Jednak, gdy siedzieli w więzieniu, ich miejsce na wolności zajęła konkurencja – Ukraińcy i Rosjanie. Możliwe są więc dwa scenariusze – albo porozumienie, albo wojna gangów i porachunki w Warszawie. Paweł M., ps. Małolat jest na wolności od miesiąca. 42-latek kiedyś był asystentem Pershinga, szefa grupy. Po jego śmierci przed hotelem Kasprowy w Zakopanem Małolat został skarbnikiem Pruszkowa. Oficjalnie był biznesmenem. Działał nawet w jednym ze stołecznych kół SLD. Zatrzymany w 2001 r. siedział za porwanie gangstera spod Ostródy. Złożył apelację od wyroku pierwszej instancji. Sprawa ma być ponownie rozpatrzona, a sąd uznał, że nie ma potrzeby, by Paweł M. siedział w więzieniu. – Zwolniono go z zakładu karnego w Białołęce 19 grudnia ubiegłego roku – potwierdza Luiza Sałapa, rzecznik Centralnego Zarządu Służby Więziennej.

Kilka dni wcześniej na wolność wyszedł Ryszard Sz., ps. Kajtek. Do połowy grudnia odsiadywał półtoraroczny wyrok za handel bronią i narkotykami. Sąd zwolnił go warunkowo i mafioso wyszedł z więzienia jeszcze przed świętami. Szef brutalnych żołnierzy dawnej grupy Pershinga – Marek Janusz Cz., ps. Rympałek – jest na wolności już prawie rok. W sierpniu ubiegłego roku zza krat wyszedł również Zygmunt R., ps. Bolo, także członek zarządu grupy.

Wkrótce do swoich kolegów ma dołączyć także Janusz P., ps. Parasol, uznawany za najbardziej brutalnego z szefów zarządu Pruszkowa. Odsiedział już siedmioletni wyrok za kierowanie gangiem. Teraz jest w areszcie, gdzie czeka na rozstrzygnięcie losów sprawy handlu bronią, w której jest podejrzanym. Jeśli dowody okażą się zbyt słabe, to wyjdzie.

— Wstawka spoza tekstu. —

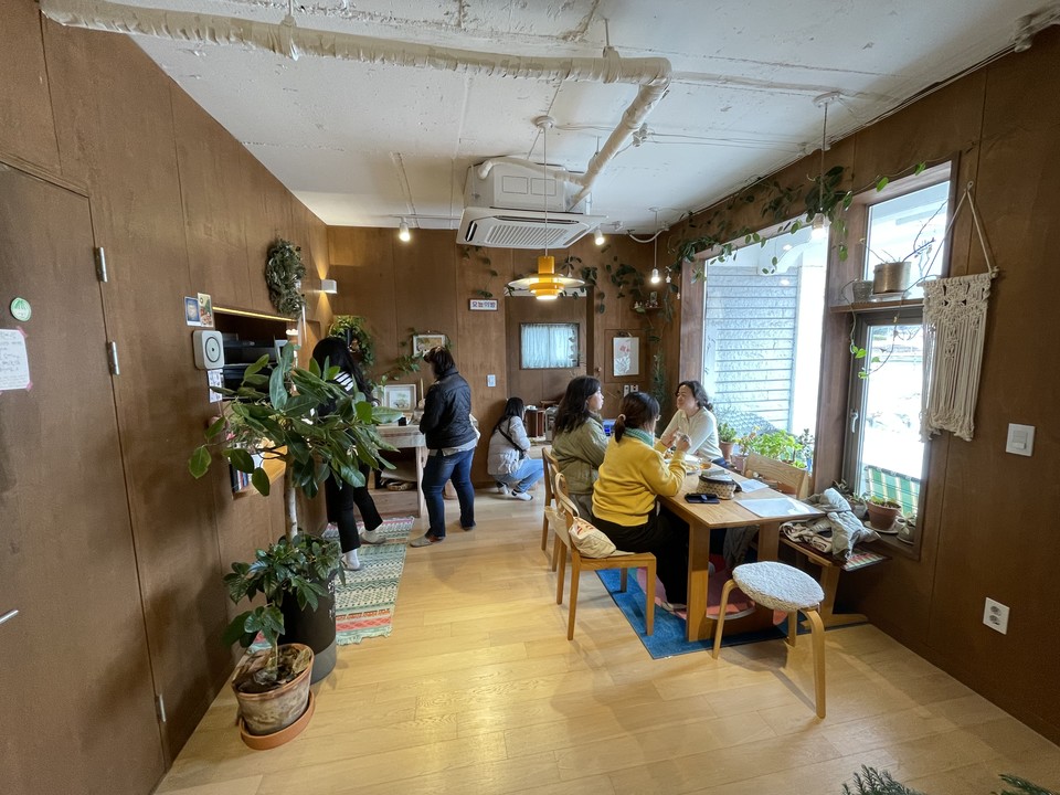 둘째 날은 아무래도 금요일이라, 오전부터 손님이 꽤 있었다. 10시 반쯤엔 이미 네다섯 명의 주민들이 이수진 대표와 함께 큰 테이블에 앉아 있었다. 뜨개질과 관련된 모임인 듯했다. 재능 있는 한 주민을 중심으로 지역 내에서 주민들과 의미 있는 활동을 모색하고 있다.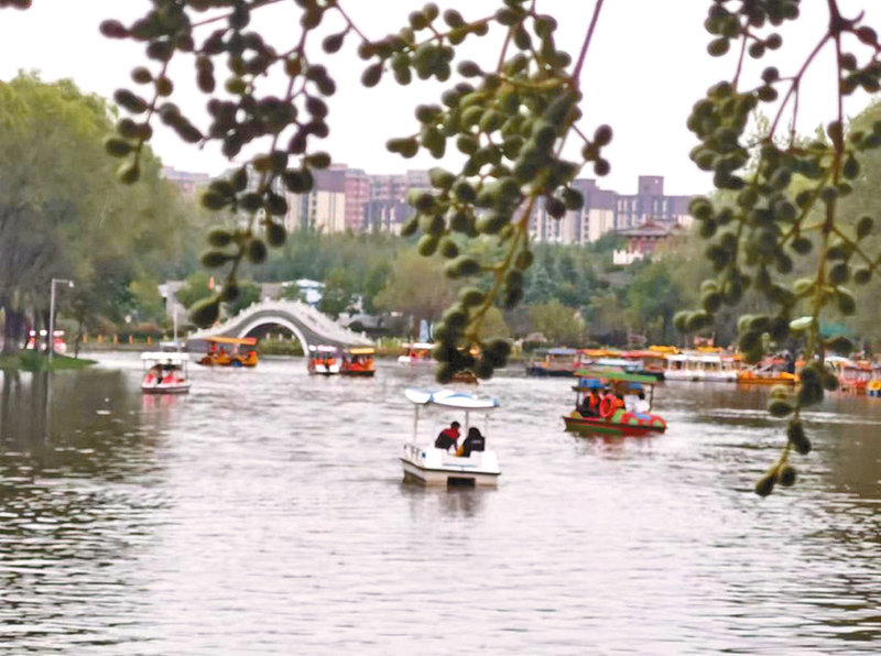 10月5日,市置地公园游客在置地湖划船游玩。
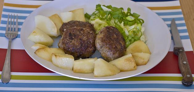 • وضع شريحة من البطاطا بشكل رأسي ثمّ قرص من الكفتة ثمّ شريحة من البطاطا ثمّ قرص من الكفتة، ورصها في الطبق على الخضروات بشكل رأسي.

Wiosną, Pruszków będzie więc miał na wolności trzech członków zarządu grupy, skarbnika i dużą grupę żołnierzy. Policjanci i prokuratorzy uważają, że jest mało prawdopodobne, by gangsterzy zrezygnowali z przestępczych interesów. Trzeba się więc liczyć z tym, że spróbują odzyskać dawne wpływy.

– To może wiązać się z serią porachunków i ostrzejszych starć, bo konkurencja, która powstała pod ich nieobecność, zwłaszcza grup rosyjskojęzycznych jest duża i już okrzepła w Warszawie – mówi oficer CBŚ. – Daje się odczuć atmosferę wyczekiwania. Wszyscy zastanawiamy się, kto wykona pierwszy ruch. Czy Polacy dogadają się z Rosjanami i Ukraińcami, czy zacznie się walka? Na razie panuje cisza – tłumaczy.

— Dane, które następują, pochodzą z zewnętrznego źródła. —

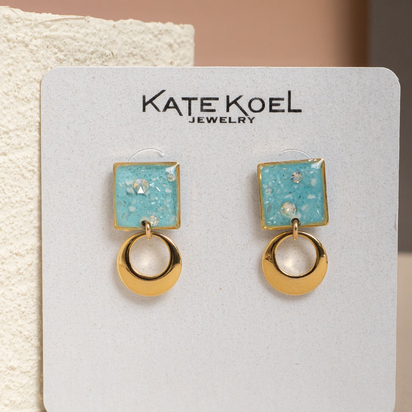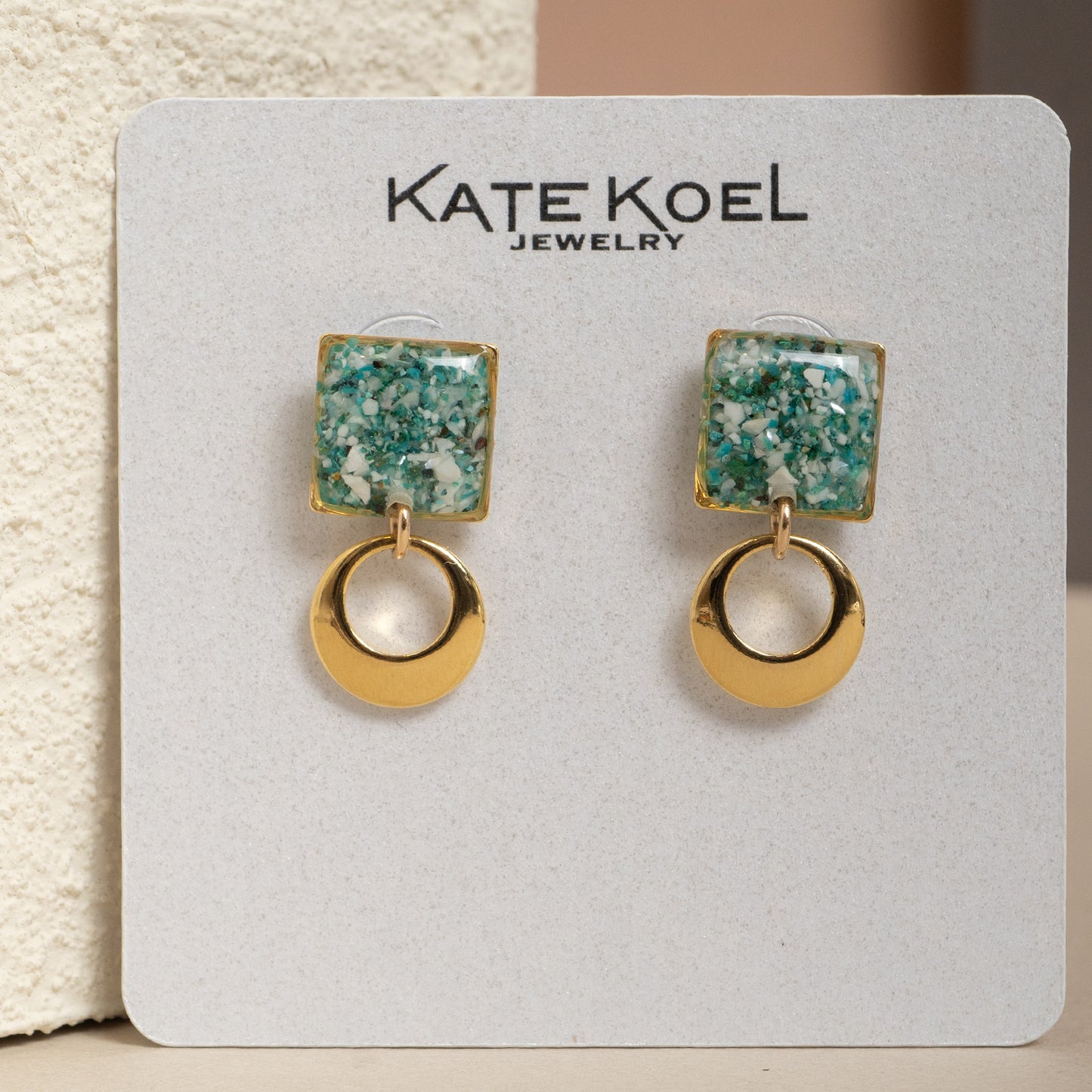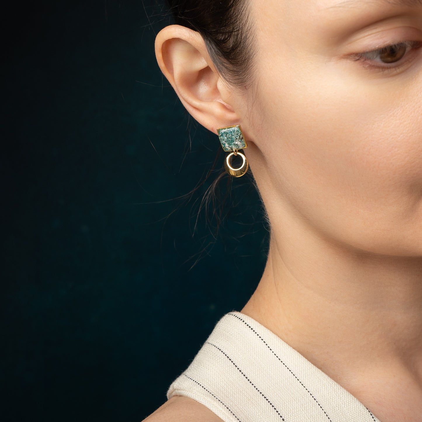 Gemstone Square & Circle Dangle Stud Earrings offer a refined statement with artistic texture and color. Featuring a 15 mm square stud filled with a unique mix of crushed gemstones, each earring is finished with a softly dangling round pendant that adds movement and balance.

Nie oznacza to jednak, że gang pruszkowski przestał istnieć, a tylko, że nie afiszuje się ze swoimi działaniami.
Ciszę zarządziło kierownictwo Pruszkowa jeszcze w 2006 r. Wtedy sąd uchylił 12-letni wyrok dla Zbigniewa W., ps. Zbynek, współpracownika zarządu Pruszkowa. Gangster świętował wyjście na wolność w klubie Cinnamon w Śródmieściu. Podczas imprezy, na której bawili się najważniejsi przestępcy stolicy, Zbynek obwieścił: „Pruszków wraca”. Gdy o imprezie dowiedzieli się siedzący w więzieniu członkowie zarządu gangu, zabronili publicznych „wystąpień” i nakazali prowadzenie interesów w ciszy, bez rzucania się w oczy policji i konkurencji.
– Tę taktykę Pruszków stosuje do dzią – mówi policjant komendy stołecznej zajmujący się walką z gangami. – Ci, którzy wyszli ostatnio na wolność, zapadli się pod ziemię. Ale w każdej chwili mogą zacząć działać.